Ezekiel 40:1–27
Read the passage.
Long after Jerusalem was destroyed, Ezekiel receives a vision of a restored city with the temple built on Mount Zion as it was before. In the vision, he is taken on a grand tour by an angelic guide. This guide has a cord and a reed, surveyor’s tools to measure the temple. The angel instructs Ezekiel to pay attention to all he sees and hears during this vision, to meditate on them, and to tell them to the house of Israel.
Why would Israel need to hear about this? If they wanted to recreate Solomon’s temple, they have the bill of materials and something like blueprints in 1 Kings. But at this time they were still exiled in Babylon, and it would be another 50-ish years before Cyrus would let them return and rebuild the city. Hearing how large and well-appointed the temple would some day be would give them hope for the future and a trust in the Lord to see it through.

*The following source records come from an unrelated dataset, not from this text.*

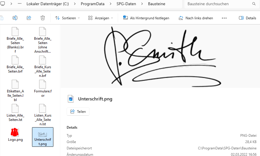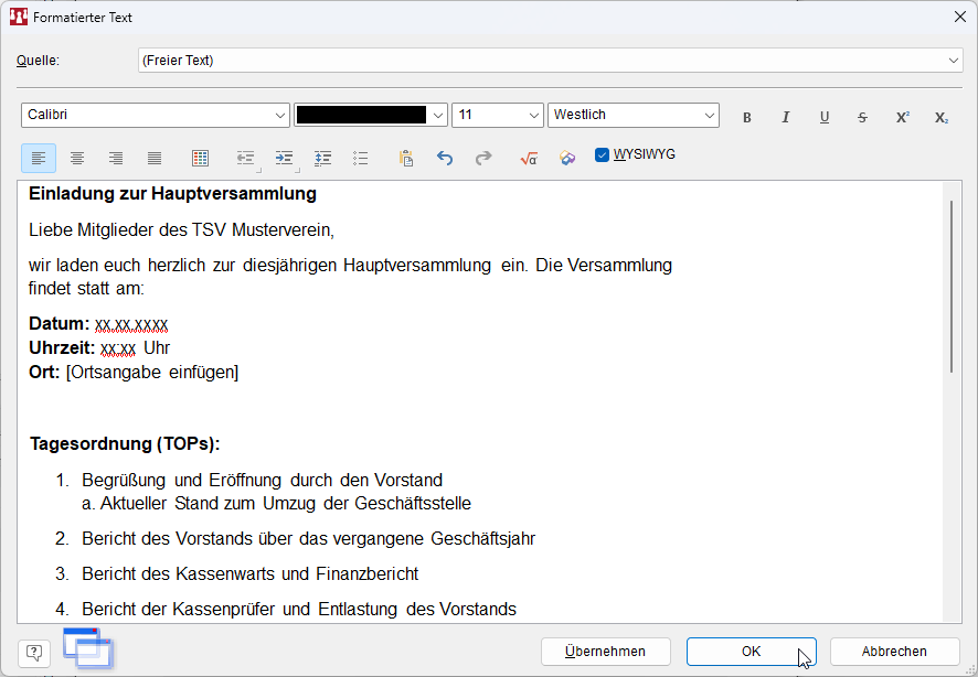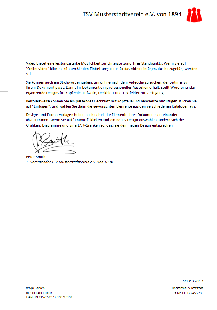 Diese Vorlage funktioniert genau wie die zuvor beschriebene Vorlage. Allerdings mit einer Besonderheit: Wenn im Ordner \Bausteine ein Bild Unterschrift.png existiert, wird dies automatisch am Ende des formatierten Textes mit eingebaut, ansonsten bleibt der Platz frei für die echte Unterschrift.
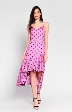 The Lace Slip Dress is the New Dress Your Wardrobe Needs. This mid length woven slip dress features adjustable thin straps, side splits and lace hem.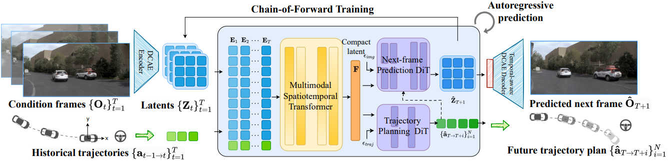 먼저, MST는 과거 컨텍스트 \(\{\textbf{O}_t, \textbf{a}_t\}_{t=1}^T\)를 간결한 latent 표현으로 인코딩하여 환경 컨텍스트와 주행 역학을 효과적으로 포착한다. 그런 다음, 과거 latent들을 기반으로 TrajDiT는 궤적 planning을 위한 policy $\pi$를 모델링하고, VisDiT는 미래 이미지 생성을 위한 시각적 분포 $p$를 모델링한다.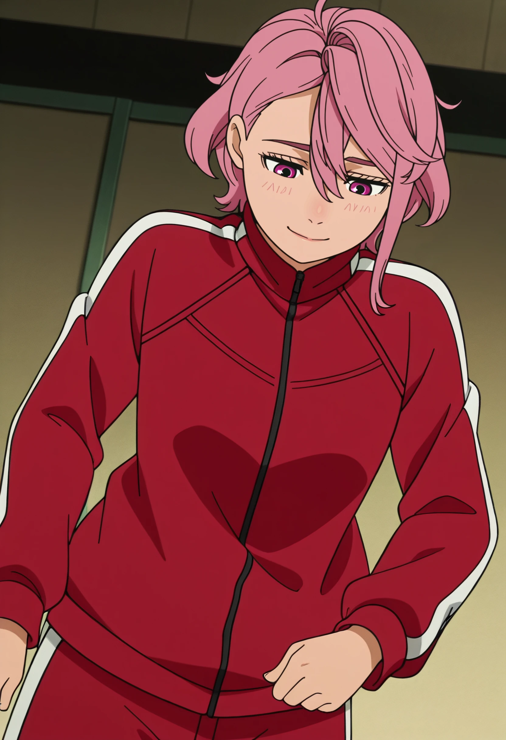 AiraTracksuit, red jacket, track jacket, red track suit, long sleeves, red pants, track pants, ahoge, zipper,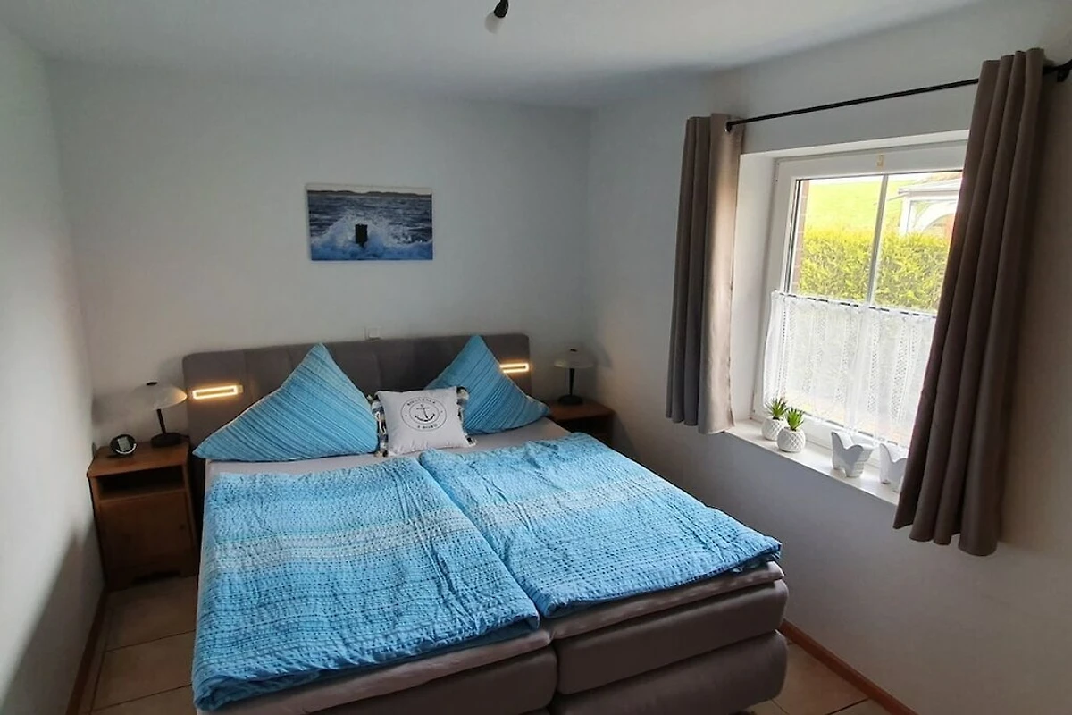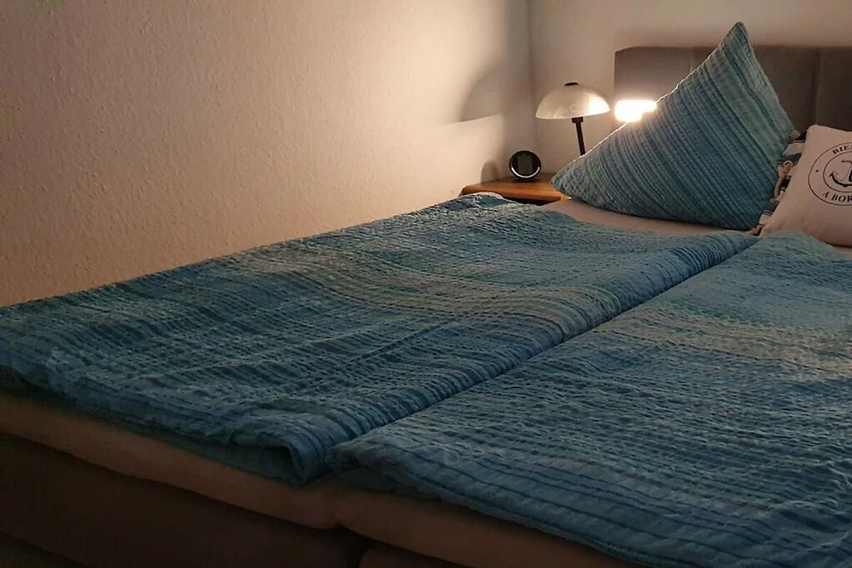 Die Ferienwohnung verfügt über 1 Schlafzimmer mit einem Boxspringbett der Hotelklasse und 1 Schlafzimmer mit 2 Einzelbetten, Bad und Gäste-WC.

At six long cubits long, the angel’s measuring reed is very close to ten modern feet long. He measures the platform on which the temple complex sits, containing the outer court, the inner court, and the temple proper. The stairways up the platform and the vestibule of the gateway are measured, along with three guard rooms on either side of the vestibule. The court and its decorations are described, and the north and south gates identical to the east gate. Palm tree decorations, like the pomegranates on Solomon’s temple before, evoke images of natural beauty. They remind the worshippers of the Garden of Eden where God first lived with Man.
Your love of beauty brings us delight, and we are grateful you share it with us.